▶ Goal of the exercise:
The records must be duplicated exactly, with every picture left out.

(Data excerpts)

· · · · ·

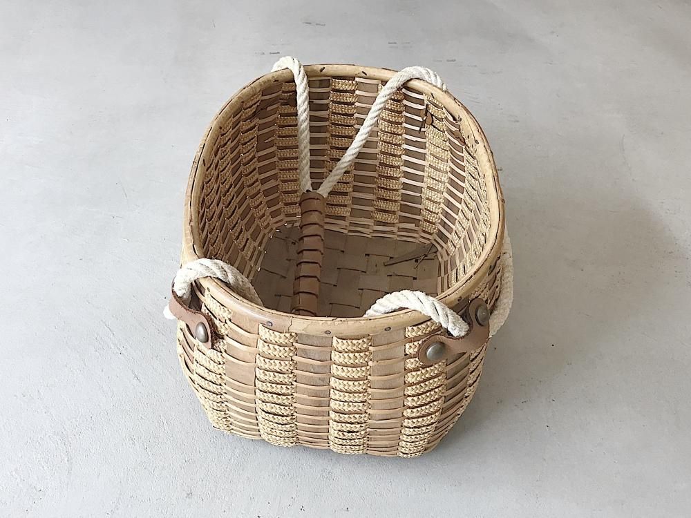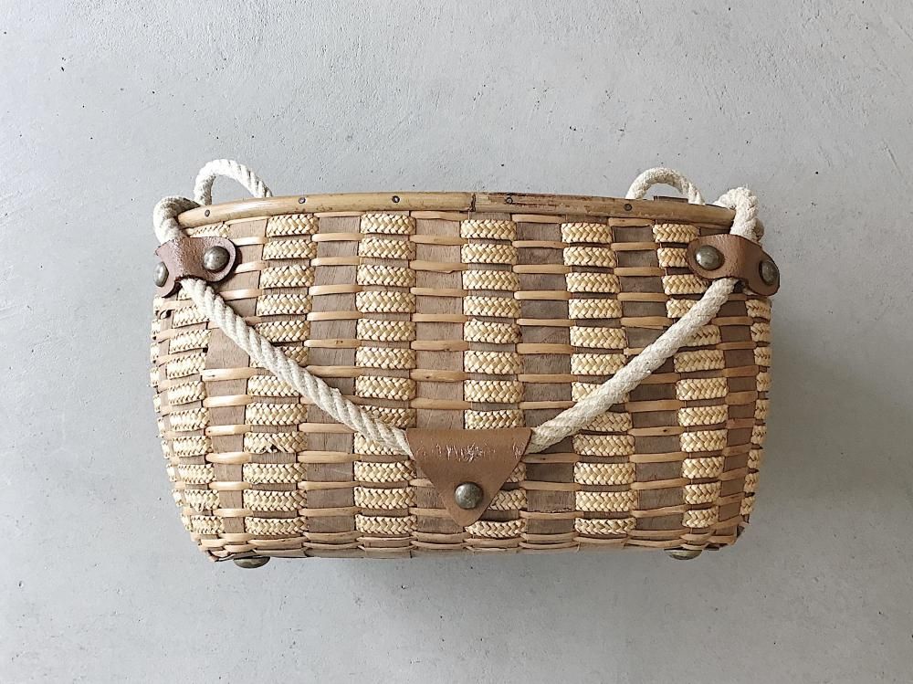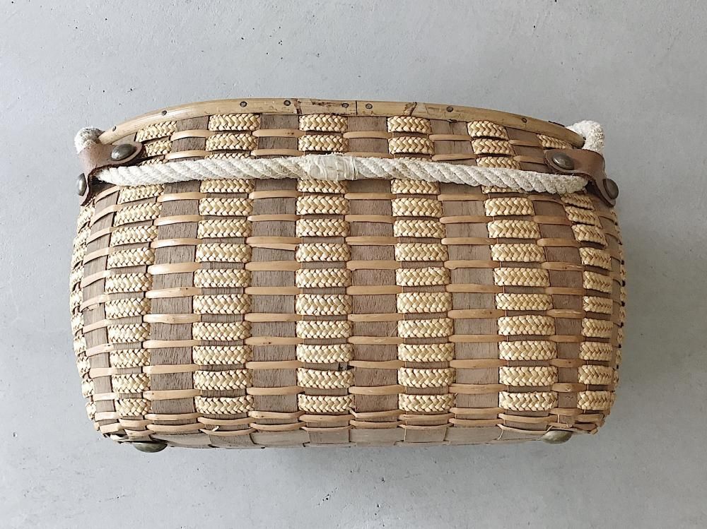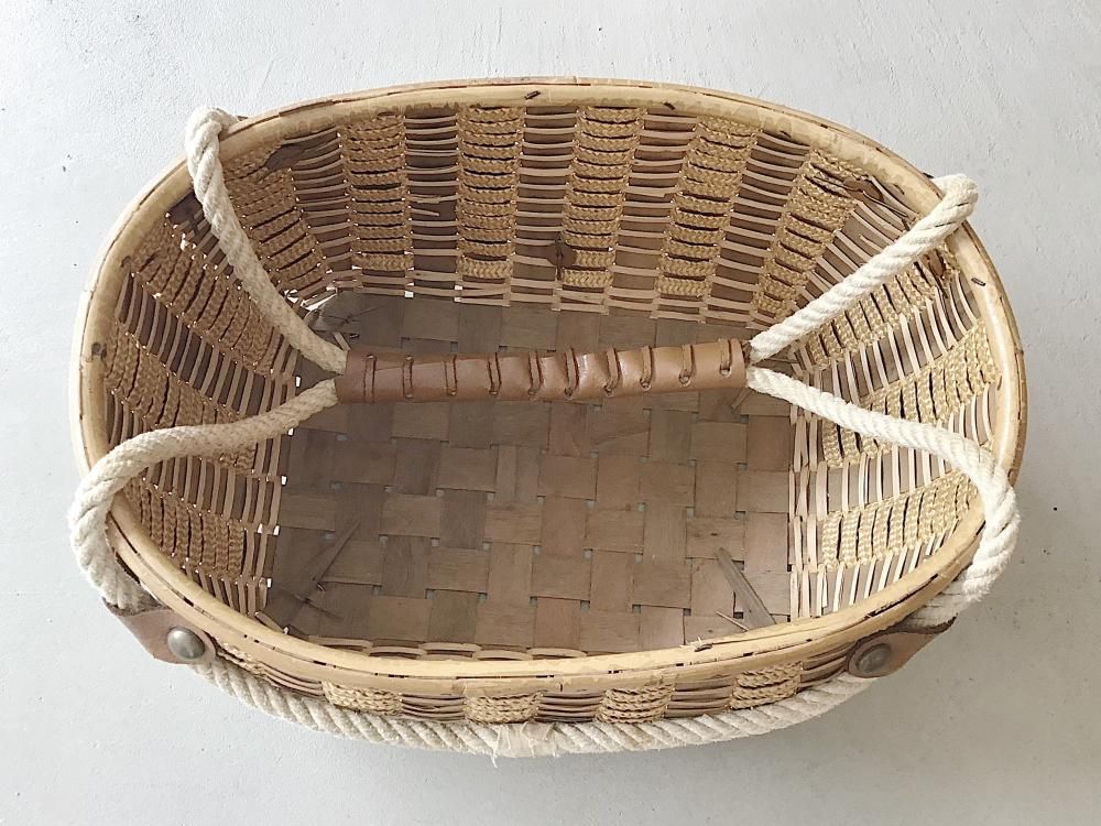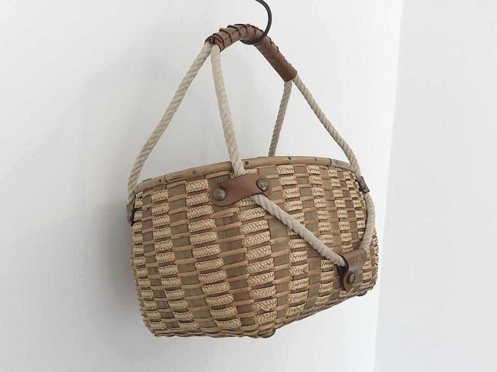 Swedenの古いバスケットです。持ち手は紐と本革で作られています。留め具は真鍮です。古いものですので多少の使用感はありますが良い状態です。店頭にてご覧になりたい場合は事前にメール、もしくはお電話にてご連絡ください。(tramzw-0384)
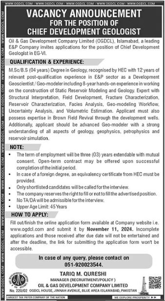 Oil & Gas Development Company Limited OGDCL invites applications for job positions advertised in daily The News dated 27 October 2024 for following vacancies in Islamabad, islamabad Islamabad Pakistan.
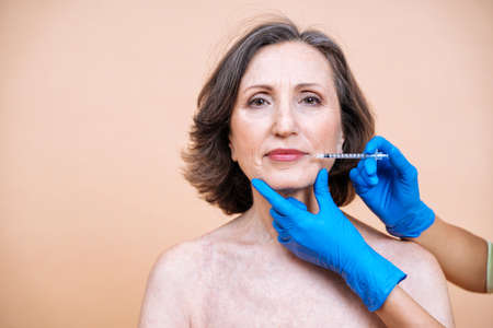 Image of a senior woman getting a beauty treatment. Client of a beauty salon taking a filler injection in the face against wrinkles and aging strokes
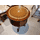 Красивий столик з дерева ручної роботи. Столик журнальний, на чотирьох ніжках та коліщатах, з відкритими поличками по колу. Столик виготовлений з масиву натурального дерева, горіх, столешня овальної форми, обтягнута тисненою шкірою світло- коричневого кольору. Ніжки столу декоровані латунним литтям у вигляді лап. Стіл в хорошому стані, компактний та зручний в користуванні, привезений з Бельгії.
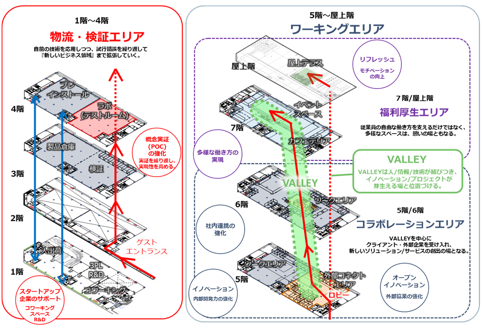 これまで、当社では機能ごとに拠点が分散しており、コロナ禍以前からリモートワークの働き方を取り入れてきたことから、社員がお互いにどのような課題意識を持ち、悩んでいるのかを共有しづらい状況にありました。この経験を経て、アイデアやイノベーションの創出、企業文化醸成や理念浸透には、社員同士が密なコミュニケーションを取ることができる環境づくりが必要だと改めて認識しました。本施設では、社員同士の様々な活動を促す「V-HALL」、「PARK」、「OPEN LOUNGE」などの場を設けることでコミュニケーションを活性化し、社員同士の相互理解から組織の一体感を醸成します。
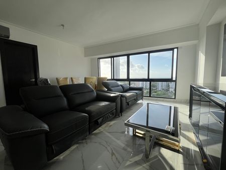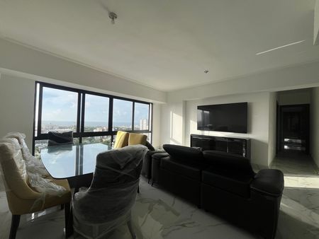 Moderno apartamento de dos habitaciones con espectacular vista al mar. Cuenta con amplios ventanales en la sala , lo que crea un espacio luminoso, cocina abierta y espaciosa, acabados elegantes, torre exclusiva con excelentes amenidades, ubicación premium, cerca de todo para una vida citadina con elegancia y seguridad. La venta del apartamento incluye los aires acondicionados, la linea blanca y los shutters.

· · · · ·

▶ Solution:
 Swedenの古いバスケットです。持ち手は紐と本革で作られています。留め具は真鍮です。古いものですので多少の使用感はありますが良い状態です。店頭にてご覧になりたい場合は事前にメール、もしくはお電話にてご連絡ください。(tramzw-0384)
 Oil & Gas Development Company Limited OGDCL invites applications for job positions advertised in daily The News dated 27 October 2024 for following vacancies in Islamabad, islamabad Islamabad Pakistan.
 Image of a senior woman getting a beauty treatment. Client of a beauty salon taking a filler injection in the face against wrinkles and aging strokes
 Красивий столик з дерева ручної роботи. Столик журнальний, на чотирьох ніжках та коліщатах, з відкритими поличками по колу. Столик виготовлений з масиву натурального дерева, горіх, столешня овальної форми, обтягнута тисненою шкірою світло- коричневого кольору. Ніжки столу декоровані латунним литтям у вигляді лап. Стіл в хорошому стані, компактний та зручний в користуванні, привезений з Бельгії.
 これまで、当社では機能ごとに拠点が分散しており、コロナ禍以前からリモートワークの働き方を取り入れてきたことから、社員がお互いにどのような課題意識を持ち、悩んでいるのかを共有しづらい状況にありました。この経験を経て、アイデアやイノベーションの創出、企業文化醸成や理念浸透には、社員同士が密なコミュニケーションを取ることができる環境づくりが必要だと改めて認識しました。本施設では、社員同士の様々な活動を促す「V-HALL」、「PARK」、「OPEN LOUNGE」などの場を設けることでコミュニケーションを活性化し、社員同士の相互理解から組織の一体感を醸成します。
 Moderno apartamento de dos habitaciones con espectacular vista al mar. Cuenta con amplios ventanales en la sala , lo que crea un espacio luminoso, cocina abierta y espaciosa, acabados elegantes, torre exclusiva con excelentes amenidades, ubicación premium, cerca de todo para una vida citadina con elegancia y seguridad. La venta del apartamento incluye los aires acondicionados, la linea blanca y los shutters.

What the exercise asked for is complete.